LONDON: The 77-million strong world-wide Anglican Communion is facing a historic split over the Church’s liberal approach to homosexuality and women priests with a conservative faction, led mostly by Asian, African and South American clergy, announcing the formation of a parallel group in protest against what they described as the “forces of militant secularism and pluralism” within the Church.
The announcement, made at a conference of 300 bishops in Jerusalem last week, is seen as a serious challenge to the authority of the Archbhishop of Canterbury, Rowan Williams, head of the Church of England from which the global Anglican Communion derives its roots.
The proposed breakaway “church,” called the Fellowship of Confessing Anglicans (Foca), would offer an alternative to all those who are opposed to appointment of gay priests, same-sex marriages, and ordination of women clergy.
The strongest opposition to the current policy on these issues has come from Asian and African evangelists who believe it is a “betrayal” of biblical teachings.
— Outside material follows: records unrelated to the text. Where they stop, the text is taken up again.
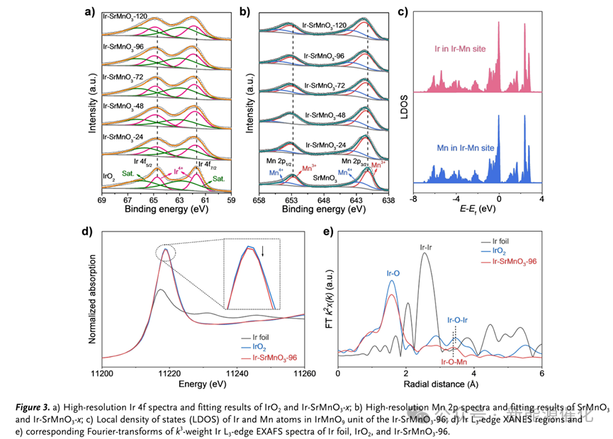 图3. a) IrO2和Ir-SrMnO3-x的高分辨率Ir 4f光谱和拟合结果;b) SrMnO3和Ir-SrMnO3-x的高分辨率Mn 2p谱和拟合结果; c) Ir-SrMnO3-96 的 IrMnO9 单元中 Ir 和 Mn 原子的局域态密度 (LDOS); d) Ir L3 边缘 XANES 区域和 e)
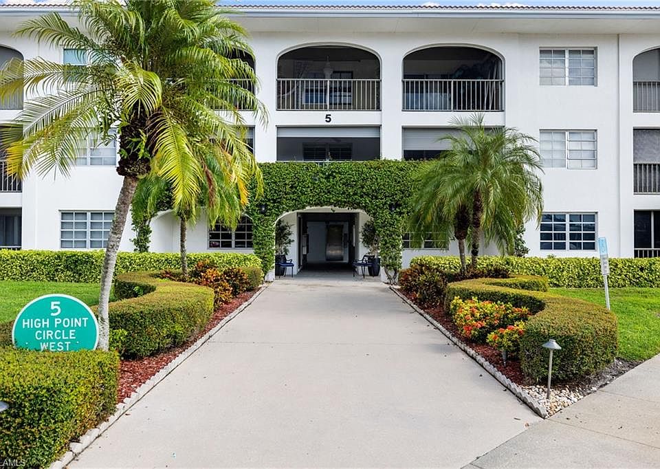 Discover the charm and convenience of this cozy condo located at 5 High Point Circle West, Unit 307, in the highly desirable High Point Country Club of Naples, FL. This abode offers a unique opportunity to enjoy the best of Florida living with golf included in the low HOA fees—golf for free! Step inside to find a bright and airy space featuring brand new appliances, new hurricane windows, and storm smart screens for peace of mind. The washer and dryer convey with the sale, adding to the home's convenience. The community boasts an array of amenities, including six heated pools, tennis courts, bocce ball, pickleball, an exercise room, and a café open for breakfast and lunch. Whether you're winding down by the pool or enjoying a game, there's something for everyone. Perfectly located just a mile from the beach and close to shopping and dining options, this condo is in a building that welcomes a diverse range of residents without age restrictions. Enjoy the flexibility of rental options up to six times a year with a 30-day minimum stay. Don’t miss the chance to make this your home base in a vibrant area where convenience meets leisure.
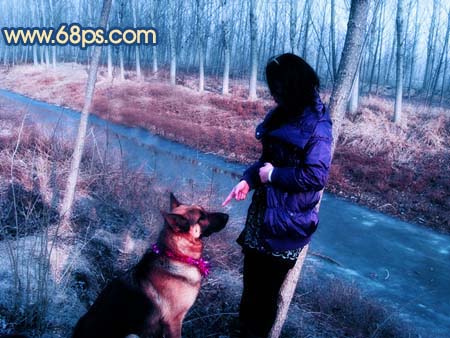 7、新建一个图层,按Ctrl + Alt + ~调出高光选区,填充颜色:#0003FA,然后把图层混合模式改为“柔光”。
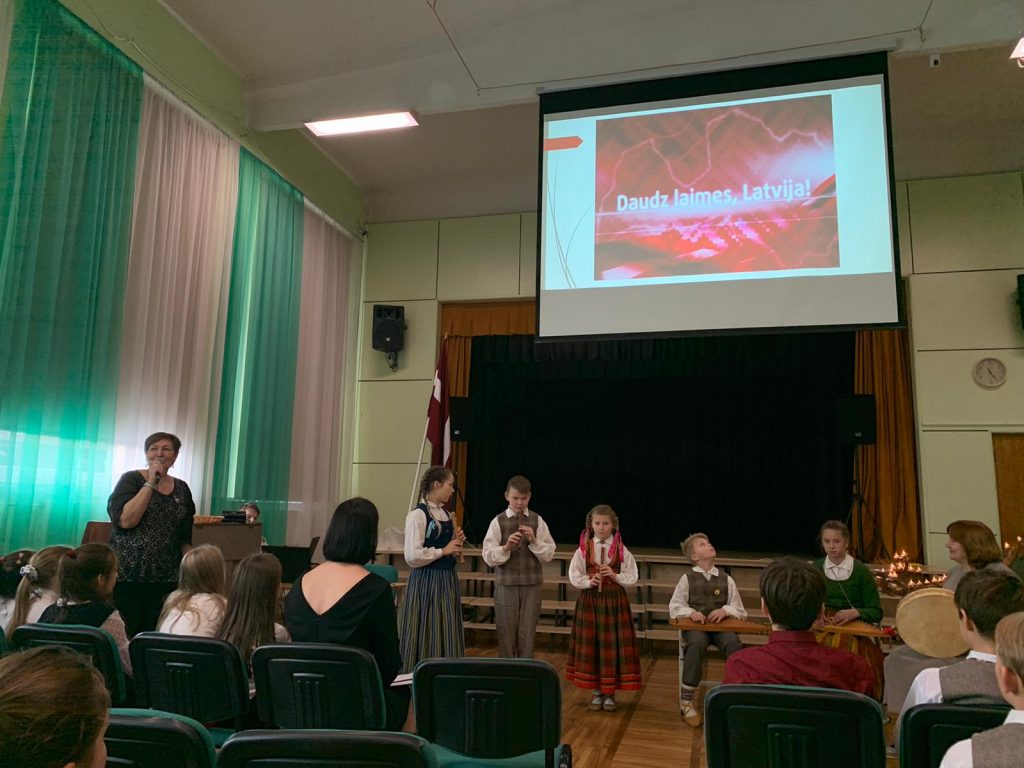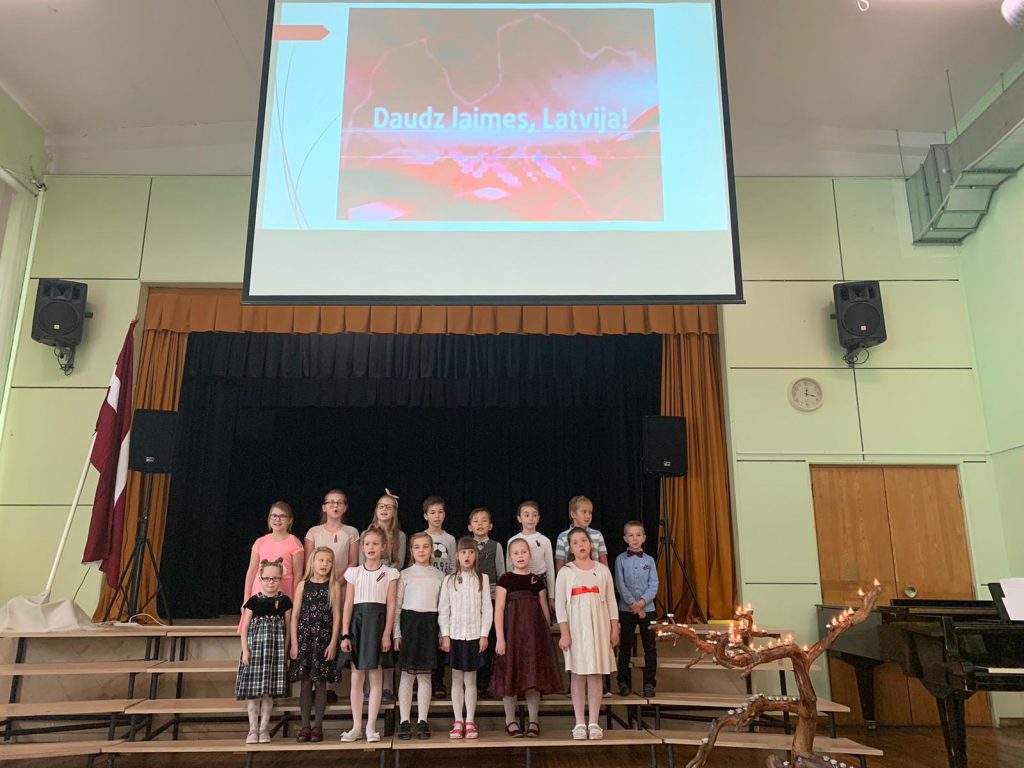 1.-5.klašu skolēni runāja dažādu latviešu dzejnieku Latvijai veltītas dzejas rindas. Vairākiem tā bija pirmā uzstāšanās tik lielai auditorijai. Koncertu atklāja folkloras kopas “Zēģelīte” spēlētais goda solis “ Apaļais mēness”. Tad klātesošos ar dzejas rindām un vēlējumiem uzrunāja skolas direktore Sanita Šlekone.
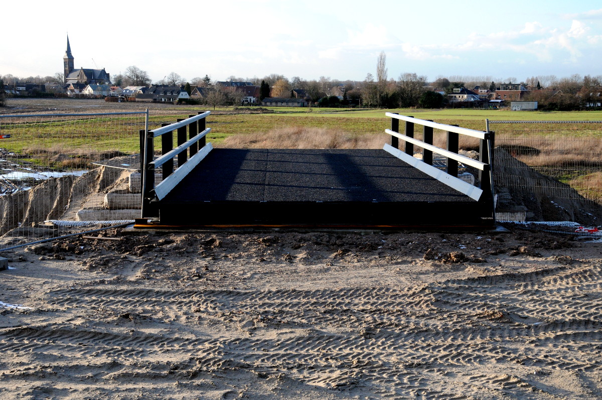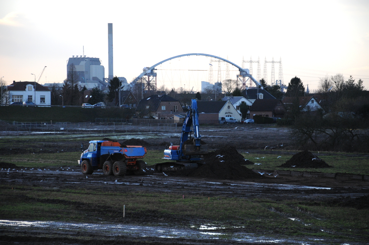 De graafwerkzaamheden zijn begonnen. Op de achtergrond de elektriciteitscentrale en de nieuwe brug in aanbouw. Foto onder: een nieuw bruggetje ligt klaar voor gebruik.
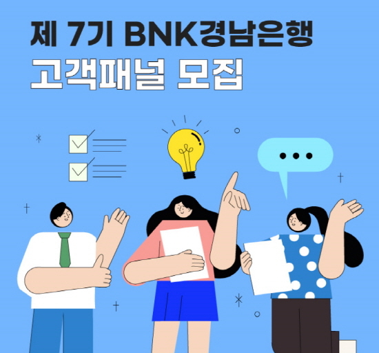 BNK경남은행은 금융소비자의 의견을 듣고 이를 경영에 반영하기 위해 참신한 의견을 제시할 고객패널을 오는 28일까지 모집한다.
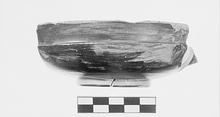 | Description: | Complete profile, with base, most of lower wall, one-third of rim and base of one handle preserved. Low ring foot with reserved resting surface. Reserved, miltosed underside with three concentric glazed circles and central dot. Rim out-turned and offset from body. Handle attached below rim. Dull brown to red glaze. Cf. Agora XII, no. 456 (480-470 B.C.). | |
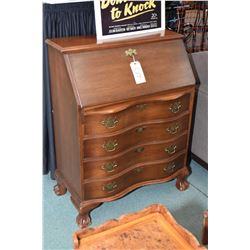 Mid 20th century mahogany drop front bureau with four serpentine drawers, fitted interior and ball and claw feet
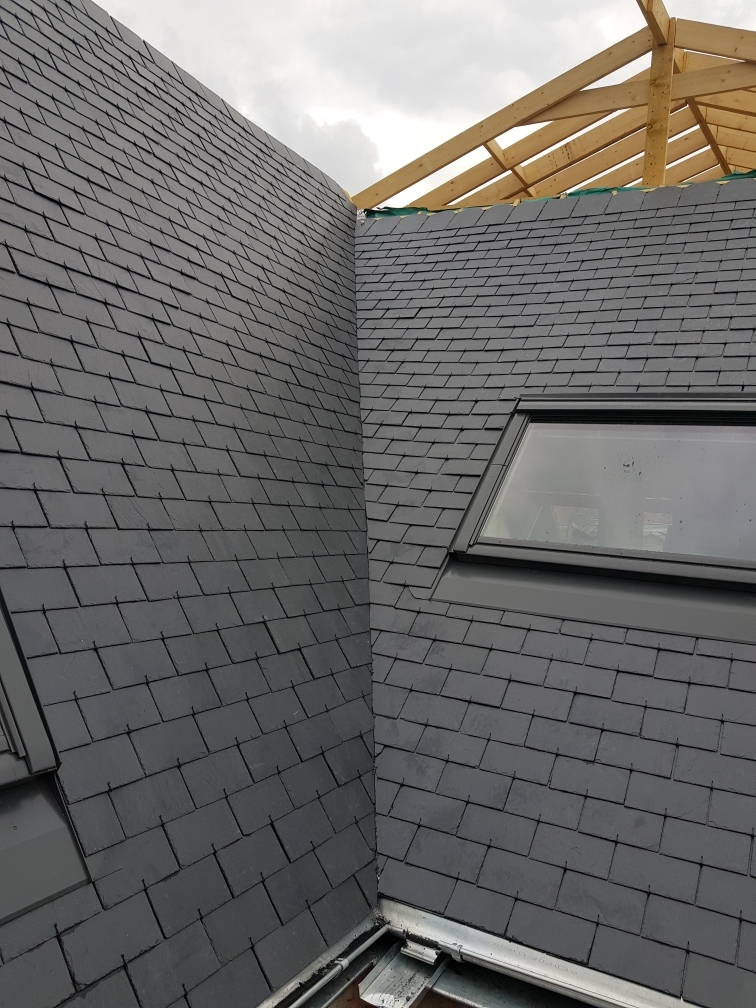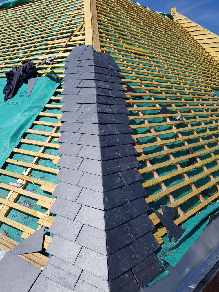 Récupération de tuiles anciennes type vieille panne, lucarne en zinc noir à joint debout
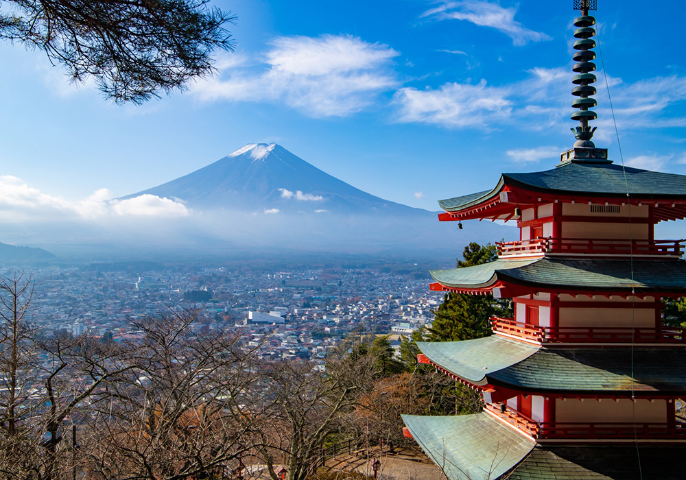 新倉山の中腹に位置する「新倉山浅間公園」は、富士山を正面に望めるスポット。

The move, seen as marking the end of colonial domination of the Anglican Communion, questions the historic supremacy of the Archbishop of Canterbury but stops short of a formal split. In a statement, the dissenters said the move was “unusual” but justified it saying “the times we live in are [also] unusual.”
On Tuesday, Dr. Williams warned the decision to set up a breakaway church was fraught with dangers and urged the rebels to “think very carefully about the risks entailed.”